Like Danny Noonan and Luke Skywalker, I’d like you to take your eye off the ball for a minute. (Let go with your feelings Luke! Be the ball Danny! Na-na-na-na-na-na-na-na-na!). Another, somewhat mind-blowing, negative definition of “about” could be, instead:
The document is not about anything else in the entire universe other than the topic, much.
Think of Michelangelo carving the statue of David out of a block. Some would say that he didn’t carve a statue; he simply carved away all of the parts of the block that *didn’t* resemble the statue. Understanding this concept is the key to optimizing your content – both to satisfy your users *and* to rank highly.
Let’s Walk Through This With a Thought Experiment
If you set out to write a document about [art garfunkel] and it mentions [paul simon], that’s probably appropriate and expected by your audience; to ignore Art Garfunkel’s early career would be to do a disservice to your readers.
But if your document mentions [paul simon] twice as often as it mentions [art garfunkel], I would put it to you that the document is very likely a *lot more* about [paul simon] than it is about [art garfunkel]. It might rank well for [paul simon], or [simon and garfunkel] but it won’t do as well as it *could* on [art garfunkel] if it were optimized to have that term be the most prominent one.
Think about it. If a writer targeting [art garfunkel] tries not to mention [paul simon] too much, that’s a pretty reasonable start at making the document be about [art garfunkel], isn’t it?
Of course, there are other signals that a document is about [art garfunkel], including anchor text, meta-tags, and so on. Probably peppering in some Art Garfunkel-related words like “poetry”, “actor”, and “tenor” would be a smart idea. Word stems are always great to pepper in, if possible, but I don’t know what the past participle of “Garfunkel” is, you’re on your own with that! 😉
Certainly though, you should try to remove occurrences of [paul simon] if you have too many of them. That’s what I mean by “unoptimizing”.
Now Let’s Look at a Real World Example
Let’s look a SERP for the search term [goofy]:
Although this document from go.com is ranking #7 for [goofy] which is pretty good (I’m not showing the other results), it could probably do somewhat better if it were a little more about [goofy]. A quick frequency examination, using textalyser.net, shows that this document doesn’t appear to be much about Goofy at all – [goofy] is mentioned 3 times, but [mickey] is mentioned 10 times (and Disney 11 times!):
But Does Google Use Keyword Frequency? No, But Probably Something Like It!

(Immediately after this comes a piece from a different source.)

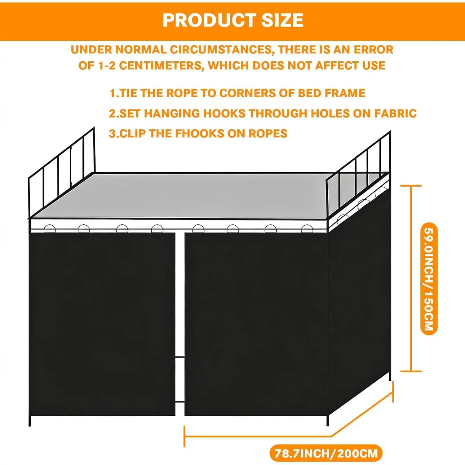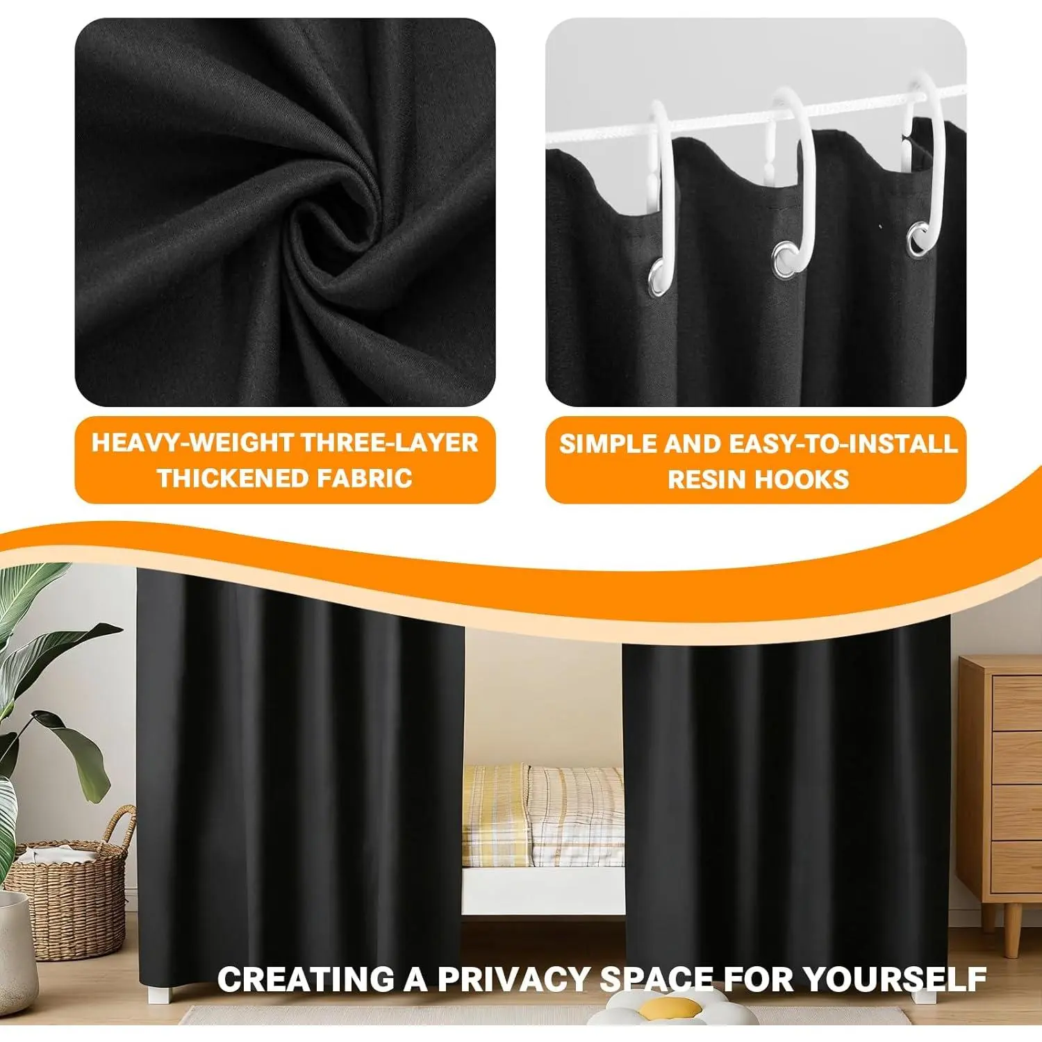 Premium Blackout Fabric: The dorm privacy bed curtain constructed from 100% thick, heavyweight triple-layer polyester blackout fabric.Features a glossy solid color on one side and a matte black blackout coating on the reverseeither side can be used as the exterior.The fabric is soft and breathe well, non-formaldehyde, soft, breathable, durable, and easy to wash, offering you comfortable use experience.Superior Light Blocking: The bunk bed curtains specially added black coating blocks 95%-99% of light, surpassing ordinary curtains, to create an ideal dark sleeping environment.The thick material also helps protect against mosquito bites for healthier, undisturbed sleep, perfect for night workers or light-sensitive sleepers.Enhanced Privacy & Personal Space: The bunk bed curtains for bottom will effectively separates your bed from the surrounding area, creating a private, personal mini-room within dormitories or shared spaces, shielding you from view and protecting your privacy.Product Size: Each panel bunk bed curtain measures 78.7"L x 59"H (200 x 150 cm).Suitable for beds measuring 78.7"L x 39.3"W (2 x 1 m) or smaller.Please note that if you use the bed curtains for the top bunk, you need to prepare the bed curtain holder by yourself.2-Piece Set for Easy Installation:Bunkbed curtains comes with 2 curtains (each 2m*1.5m) for flexible coverage with metal grommets, hooks, and ropes for straightforward setup and removal.simple to install on dorm bed frames, saving your time.Perfect for Dorms & Loft Beds: Designed for both top and bottom bunks, these dorm bed curtains fit most standard college dorm beds, loft beds, and single sleeper setups.Easy to install with hooks or ties.
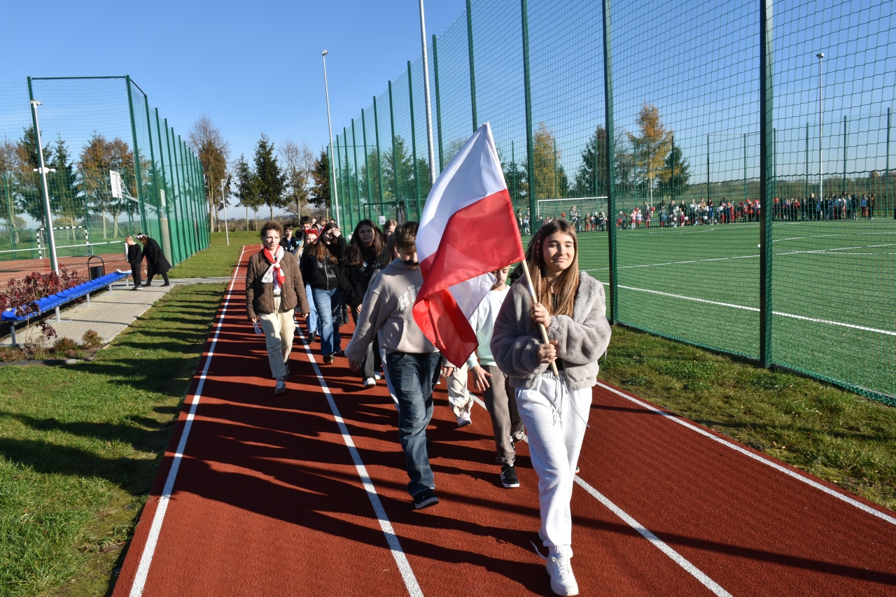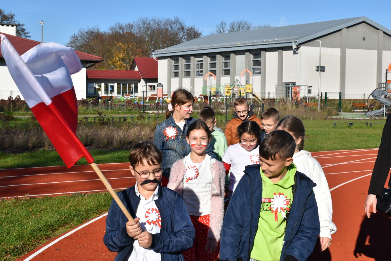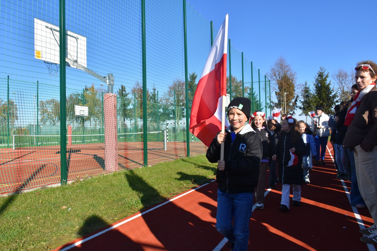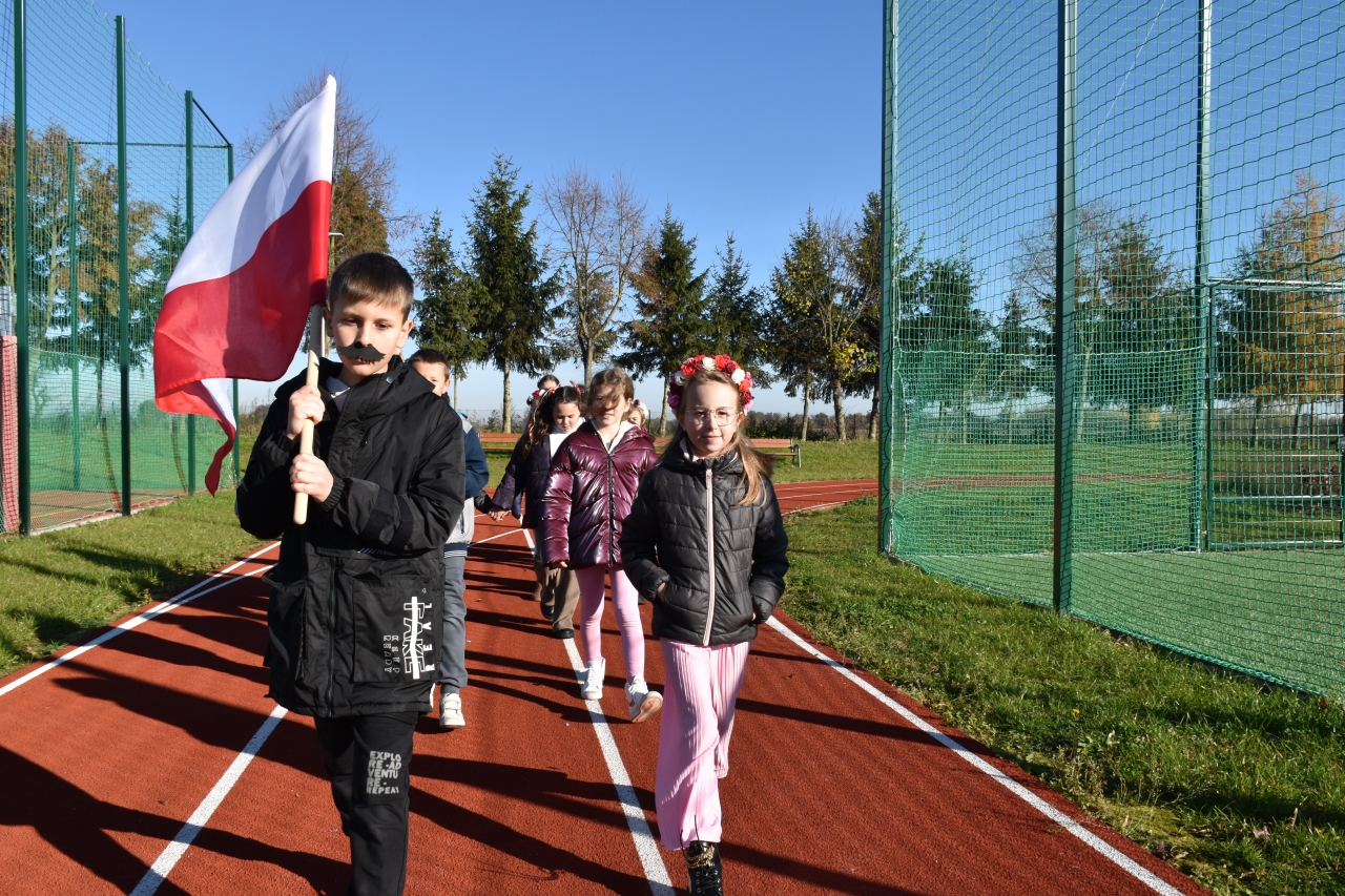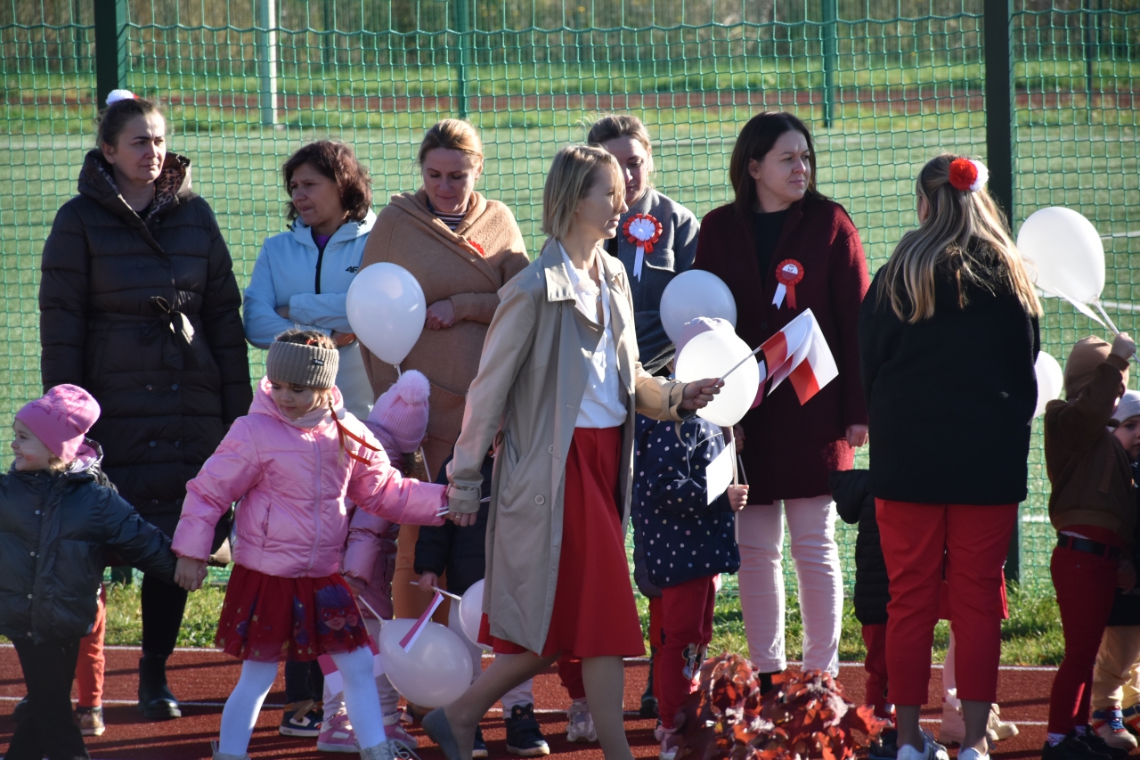 Symbolicznym rozpoczęciem obchodów była Sztafeta Niepodległości – uroczysty marsz z flagą narodową, prowadzony przez chorążego Krzysztofa Sachanka. Flaga wędrowała z rąk do rąk, począwszy od najmłodszej grupy przedszkolnej, aż po uczniów klasy ósmej.

TF-IDF means “Term Frequency-Inverse Document Frequency”, and it’s a statistical approach to figuring out what a document is “about”.
It’s likely that Google is either using this approach, or something similar, to help figure out what documents are “about”. You won’t find “keyword density” in any Google patent applications, but the term “TF-IDF” appears in numerous key Google patent applications (sometimes it’s also referred to as TF*IDF or TFIDF). It’s such a common approach in the academic world and in the literature, it would be shocking if Google isn’t using it or something roughly equivalent, to some degree, for a variety of purposes, including ranking.
Given that, one could argue that if Google is using something along the lines of the TF-IDF type approach, then rather than simply measuring keyword density, we ought to try doing the same. Doing so would likely promote [goofy] and demote [mickey] a bit if we take that into account; let’s do the calculations and you’ll understand why.
How to Do a TF/IDF Calculation
It sounds complicated but calculating TF-IDF essentially amounts to:
a.) first you calculate the keyword density for each keyword in the document, and sort the keywords.
b.) then you adjust the sorting based on how commonly the word appears in a “corpus” (collection) of documents.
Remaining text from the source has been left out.